Englewood, Colorado / Pittsburgh, Pennsylvania / Tulsa, Oklahoma
2017
Private
160
MRI and ultrasound components and service
Englewood, Colorado / Pittsburgh, Pennsylvania / Tulsa, Oklahoma
Founded: 2017
Privately owned
Employees: 160 (20 in Colorado)
Industry: Medical & Bioscience
Products: MRI and ultrasound components and repair
Born of the 2017 merger of three companies -- the Multi Service Vendor Service (MVS) unit of Bayer's radiology business in Pittsburgh, Wetsco in Oklahoma, and MD MedTech in Colorado -- Innovatus Imaging is an established leader in MRI and ultrasound repair and manufacturing. The deal was financed by Cleveland-based Resilience Capital Partners; Dennis Wulf serves as the combined company's CEO.
"The three companies had worked together pretty closely for the last 10 years," says Kollitz. "We were all in this ultrasound repair space." The merger "only made sense."
The business has three main areas of focus: ultrasound transducer repair; MRI coil repair; a field service business; and a manufacturing division. The Colorado facility is the manufacturing facility. The Tulsa and Pittsburgh facilities are focused on repair and service, and Innovatus also has a repair depot in the Netherlands.
In July 2018, the company branded its Tulsa operation as the Ultrasound Transducer Repair Center of Excellence and the Pittsburgh facility as the MRI and CR/DR Centers of Excellence.
Now organized as Innovatus' Engineering, Testing, Regulatory Compliance and Manufacturing Center of Excellence, the manufacturing facility is in Englewood, also the site of most of the engineering and QA/regulatory work.
MD MedTech launched operations in Colorado in 2008 as an offshoot of Wetsco.
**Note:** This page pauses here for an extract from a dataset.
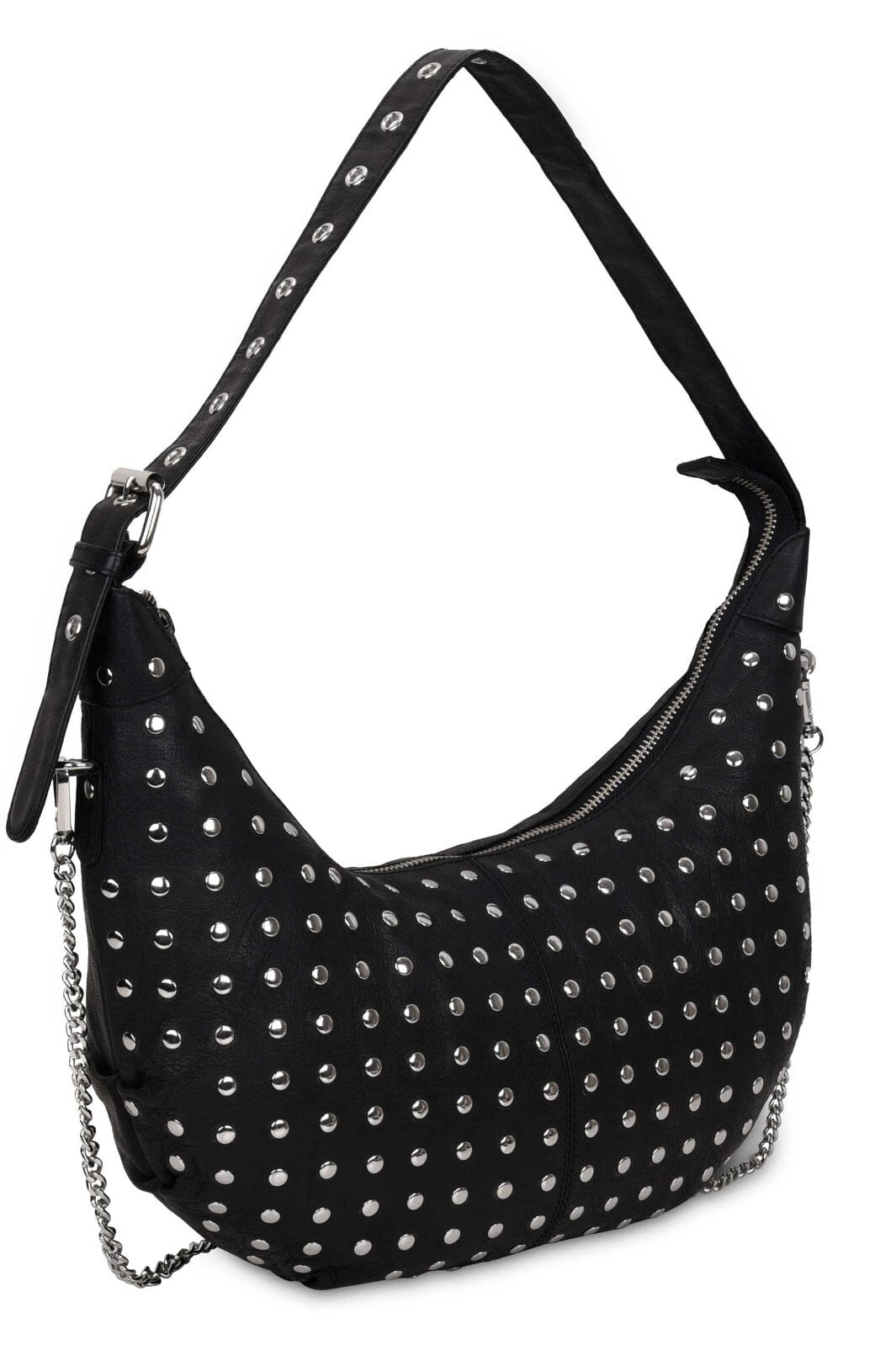 Sort skinnveske fra Núnoo med sølvfargede nagler. Vesken har en buet form og er utstyrt med glidelås samt en innvendig lomme med glidelås.

It changed hands a couple of times in the subsequent decade, and Wulf previously served as the company's CEO.
The 6,000-square-foot facility manufactures components for ultrasound and MRI technology. "We manufacture that to support the rest of the repair business," says Labree, "and we do also do that on an an OEM basis."
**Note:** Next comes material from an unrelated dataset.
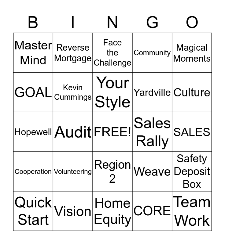 This bingo card has a free space and 24 words: Volunteering, Vision, Your Style, Quick Start, Magical Moments, Master Mind, GOAL, Reverse Mortgage, Sales Rally, Region 2, Yardville, Hopewell, Weave, Safety Deposit Box, Kevin Cummings, CORE, SALES, Face the Challenge, Culture, Audit, Team Work, Cooperation, Community and Home Equity.

It also makes specialty products and probes for specialized uses. "For example, we have several probes that are geared towards surgery," says Labree. "We have an ultrasound probe used in robotic surgery."
The Centennial facility is focused on a "high-mix, low-volume type of production," says Labree. "They are primarily manual processes. Everything is small. Everything is tiny. We are cutting ultrasound components that are thousandths of an inch wide." For that kind of work, he notes, employees use saws made for the semiconductor industry. The equipment is a mix of customized and off-the-shelf tools and machinery.
The service side of the business entails three repair depots (in Pittsburgh, Tulsa, and the Netherlands) and field service for numerous large hospitals and healthcare providers. Innovatus can repair just about every ultrasound probe on the market through R&D-honed techniques, says Kollitz.
"The object of bringing the companies together was to unleash the full potential of the business," he adds. The merger was finalized in September 2017; while it remains a bit early to measure benchmarks, Kollitz says, "So far, so good.
Challenges: Managing the possibilities. "The challenge for us is to effectively prioritize," says Kollitz.
Hiring is another challenge. "The market in Denver has been very tight for manufacturing-type workers and I think that will continue to be challenging," says Labree. "The flip side is Denver is very rich in engineering and quality talent."
Opportunities: "We have opportunities to expand the depth of our offerings and our geography and new areas in healthcare," says Kollitz. "We are also looking at opportunities to use our core technology in other space."
The depot-based repair model is scalable, and Asia and Latin America are targets for new facilities, he adds. Because of logistics of international shipping, that could cut turnaround time for customers in those markets by about 50 percent. "We could trim a week to a week and a half of that turnaround time with a located facility," says Kollitz.
Traditionally expensive ultrasound equipment is getting smaller and cheaper, says Labree, and with that comes potential new partners looking for integration. "In the last year, we've seen ultrasound systems on a chip essentially," he says. "That's where a lot of our activity is. . . . Now you can bolt ultrasound onto something easily and cost-effectively."
In that vein, Labree says, "We are in various stages of work with several companies and universities through NIH grants to do some cutting-edge things with surgical probes."
Needs: Talent is at the top of the list. "We're certainly expecting some growth [in Colorado]," says Labree. "We'll have to continue to work hard to find people who fit our needs and the economics of our business."
Adds Kollitz: "Ultimately, what we are is a people business. What we're selling is the skills, capabilities, and talents of our people."
With that, an expansion or larger facility might be required; the target is about 10,000 square feet. "We're already feeling we are bursting at the seams," says Labree. "We're just now getting started on the space question."